– Les solutions du Conseil ont-elles réellement fait progresser l'humanité ces temps derniers? reprit Monsieur. Il n'y a vraiment pas de quoi pavoiser, non? Bientôt, on ne pourra plus influencer un simple froissement d'aile de papillon… ni Lui ni Moi d'ailleurs, dit-il, désignant le mur au fond de la pièce. Si les éminents membres de mon assemblée avaient fait preuve d'un peu plus de modernité, je n'aurais pas à relever un défi aussi absurde! Mais le pari est lancé, alors il nous faut du neuf, de l'original, du brillant et, surtout, de la créativité! Une nouvelle campagne s'engage, et c'est le sort de cette maison qui est en jeu, que Diable!
On frappa aussitôt trois coups à la cloison mitoyenne, Monsieur la regarda d'un air agacé et s'assit à l'extrémité de la table. L'air malin, Il avisa Michaël.
– Montre-moi donc ce que tu caches sous ton bras!
Confus, son fidèle adjoint s'approcha et déposa devant lui une chemise cartonnée. Monsieur ouvrit le rabat et fit défiler les premiers feuillets, son œil s'éclaira, les plissements de son front dénotaient l'intérêt grandissant qu'il portait à sa lecture. Ilsouleva le dernier onglet et examina attentivement la série de photographies jointes.

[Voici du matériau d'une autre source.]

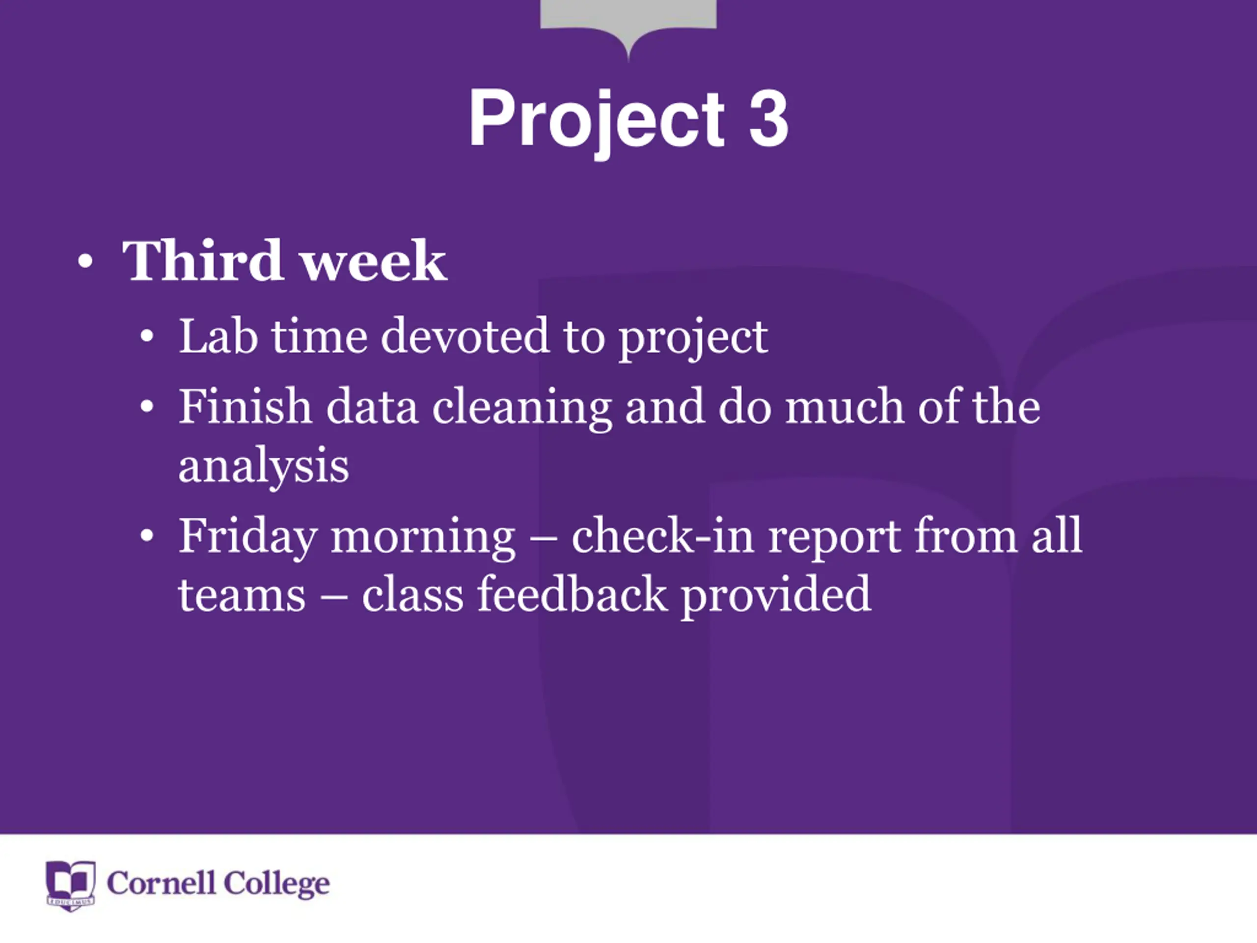 Project 3 Third week Lab time devoted to project Finish data cleaning and do much of the analysis Friday morning check-in report from all teams class feedback provided

Blonde, recueillie dans une allée du vieux cimetière de Prague, brune, courant le long des canaux de Saint-Pétersbourg, rousse, attentive sous la tour Eiffel, cheveux courts à Rabat, longs et dans le vent à Rome, bouclés place de l'Europe à Madrid, ambrés dans les ruelles de Tanger, elle était toujours ravissante. De face ou de profil, son visage était simplement angélique. Interrogatif, Monsieur désigna le seul cliché où l'épaule de Zofia était dénudée: un léger détail retint son attention.
– C'est un petit dessin, s'empressa de dire Michaël en croisant les doigts. Une toute petite paire d'ailes de rien du tout, une coquetterie, un tatouage… un peu moderne peut-être? Mais on peut l'effacer!